EXERCISE DETAILS
Beginning with the line where "THEクリプトの参加費用は一括480,000円、分割498,000円" appears, restate each line word for word until the data ends. Pictures do not go in.

PROVIDED DATA
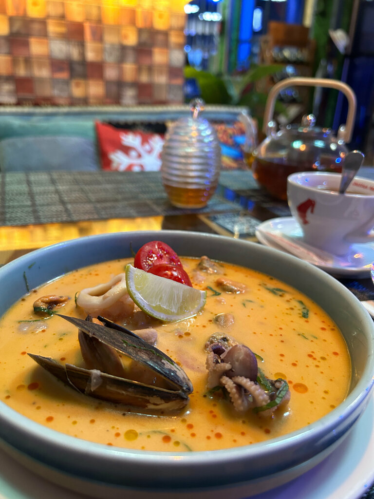 We had dinner and breakfast several times, very tasty!!! Ajakhuri (roast) is served in clay plates, the dish stays hot for a long time even outdoors! Excellent borscht! Salads, pancakes, zrazy! A very large menu! The portions are large, the staff is friendly, they speak Russian! Link to the menu https://marao-cafe.ge
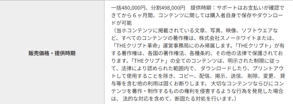 THEクリプトの参加費用は一括480,000円、分割498,000円
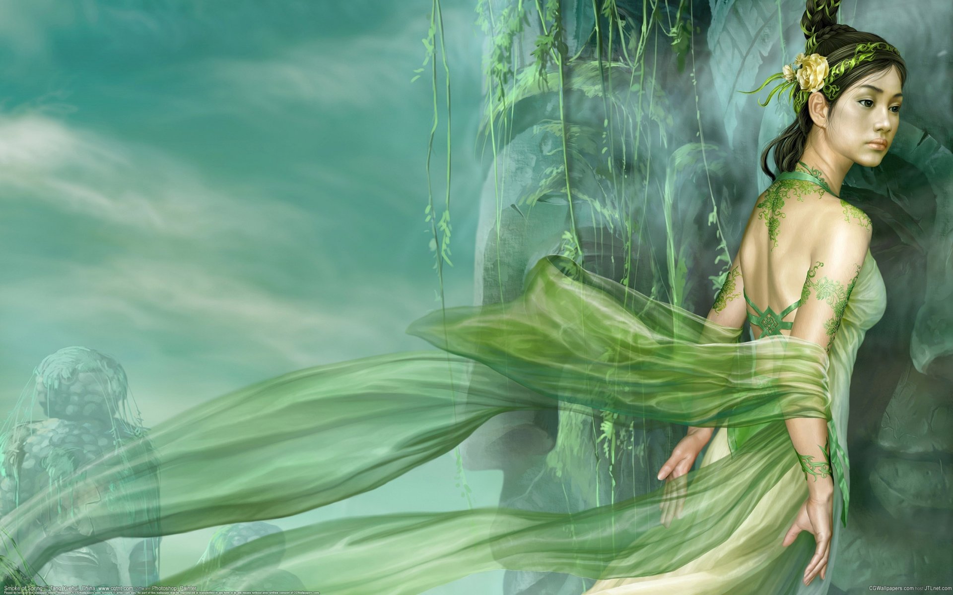 Piękna dziewczyna lasu w zielonej sukience, wokół mgła

RESULT OF THE EXERCISE
 THEクリプトの参加費用は一括480,000円、分割498,000円
 Piękna dziewczyna lasu w zielonej sukience, wokół mgła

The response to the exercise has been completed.